The Earth is surrounded by the atmosphere, which is made up of air. Air is a mixture of gas, and solid and liquid particles. Energy from the sun heats up the atmosphere and the Earth unevenly.
Cold air contains more air particles than warm air. Cold air is therefore heavier and sinks down through the atmosphere, creating high pressure areas. Warm air rises through the atmosphere, creating low pressure areas. The air tries to balance out the low and high pressure areas – air particles move from areas of high pressure (cold air) to areas of low pressure (warm air). This movement of air is known as the wind.
The wind is also influenced by the movement of the earth. As it turns on its axis the air does not travel directly from areas of higher pressure to areas of lower pressure. Instead, the air is pushed to the west in the northern hemisphere and to the east in the southern hemisphere.
Traditionally, wind speed is measured by anemometers – usually three cups that capture the wind rotating around a vertical axis. The wind direction is measured with weather vanes.
After measuring wind data for at least one year, the mean annual wind speed can be calculated. Wind speed and wind direction statistics are visualised in a wind rose, showing the statistical repartition of wind speed per direction.
A wind turbine is a machine that transforms the kinetic energy of the wind into mechanical or electrical energy. Wind turbines consist of a foundation, a tower, a nacelle and a rotor. The foundation prevents the turbine from falling over. The tower holds up the rotor and a nacelle (or box).
The nacelle contains large primary components such as the main axle, gearbox, generator, transformer and control system. The rotor is made of the blades and the hub, which holds them in position as they turn.
The towers are mostly tubular and made of steel or concrete. The blades are made of fibreglass, reinforced polyester or wood-epoxy. They are light grey because it is inconspicuous under most lighting conditions. The finish is matt, to reduce reflected light.
There are many factors at play when designing a wind farm. Ideally, the area should be as wide and open as possible in the prevailing wind direction, with few obstacles. Its visual influence needs to be considered – few, larger turbines are usually better than many smaller ones.
The turbines need to be easily accessible for maintenance and repair work when needed. Noise levels can be calculated so the farm is compatible with the levels of sound stipulated in national legislation.

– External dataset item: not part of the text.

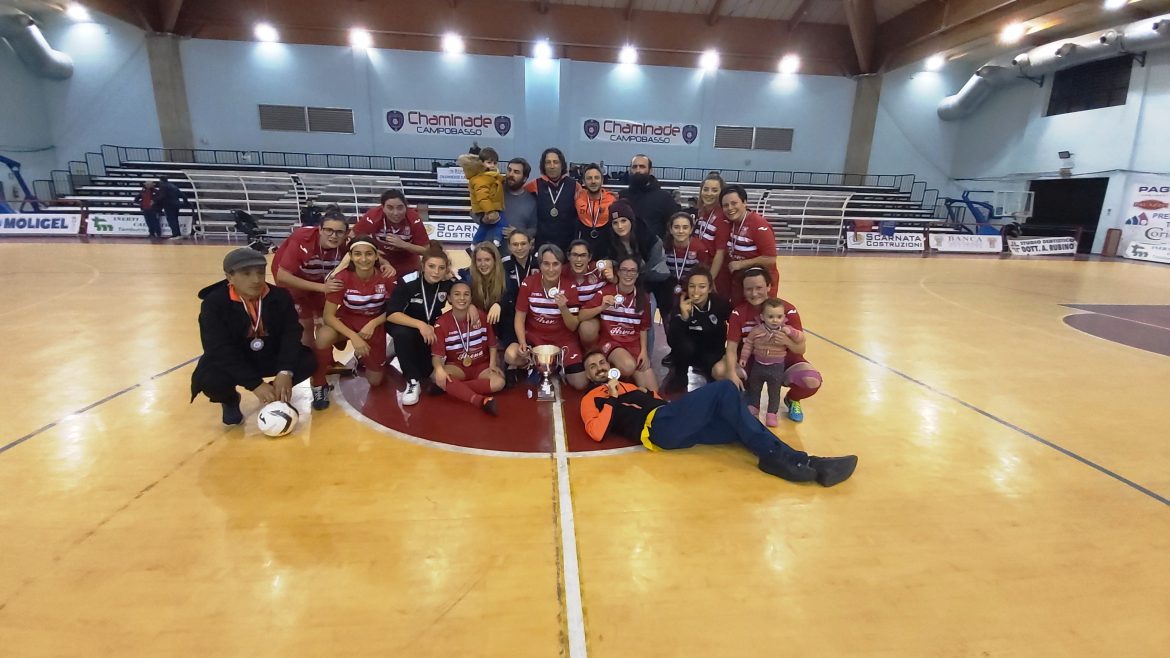 Le ragazze del Circolo La Nebbia Cus Molise conquistano la coppa Italia regionale di calcio a 5 al termine di una bellissima finale contro l’Arcadia Termoli e ora affronteranno nella fase nazionale il Grifo Peugia. Al Palafiere di Campobasso vince lo sport con le due squadre in campo che si sono affrontate al massimo delle possibilità dando vita ad un match gradevole che ha fatto divertire il pubblico presente accorso in buon numero. Alla fine ad avere la meglio è stata l’esperienza delle ragazze del Cln Cus Molise, guidate in fase realizzativa da una sontuosa Mariagiovanna D’Angelo. L’Arcadia è uscita a testa altissima dal campo dopo aver offerto un’ottima prova corale. Il trionfo finale delle ragazze di Di Gregorio ripaga tutto il gruppo, lo staff e la società, dei sacrifici fatti nel corso del tempo.

Then, the right type of turbine must be chosen. This depends on the wind conditions and landscape features of the location, local/national rules such as on turbine height, noise levels and nature conservation, the risk of extreme events such as earthquakes, how easy it is to transport the turbines to the site and the local availability of cranes.
Wind turbines start operating at wind speeds of 3 to 4 metres per second and reach maximum power output at around 14-15 m/s. At very high wind speeds, that is gale force winds of 25 m/s, with special softwares this limit can reach up to 34 m/s, wind turbines shut down.The annual capacity factor of conventional power stations is on average 25%-40% in Turkey.
The optimum number of blades for a wind turbine depends on the job the turbine has to do. Turbines for generating electricity need to operate at high speeds, but do not need much turning force. These machines generally have three or two blades.
The majority of modern commercial wind turbines have three blades, as they produce the optimum amount of power.
Two bladed machines are cheaper and lighter, with higher running speeds which reduces the cost of the gearbox, and they are easier to install. They perform almost as well as three blade turbines. However they can be noisier and are not as visually attractive, appearing 'jerky' when they turn.
Turbines sometimes have to be stopped for maintenance, for repairing components or if there is a failure that needs to be checked. Another reason can be too little or too much wind: if the wind is too strong, the turbine needs to be shut down because it could be damaged.
Wind turbines can carry on generating electricity for 20-25 years. Over their lifetime they will be running continuously for as much as 120,000 hours. This compares with the design lifetime of a car engine, which is 4,000 to 6,000 hours.
The output of a wind turbine depends on the turbine's size and the wind's speed through the rotor.
An average onshore wind turbine with a capacity of 4 MW can produce more than 12 million kWh in a year – enough to supply 10.000 average TR households with electricity.
The noise of wind turbines has been reduced significantly. Improved design has drastically reduced the noise of mechanical components so that the most audible sound is that of the wind interacting with the rotor blades. This is similar to a light swishing sound, and much quieter than other types of modern-day equipment. Even in generally quiet rural areas, the sound of the blowing wind is often louder than the turbines.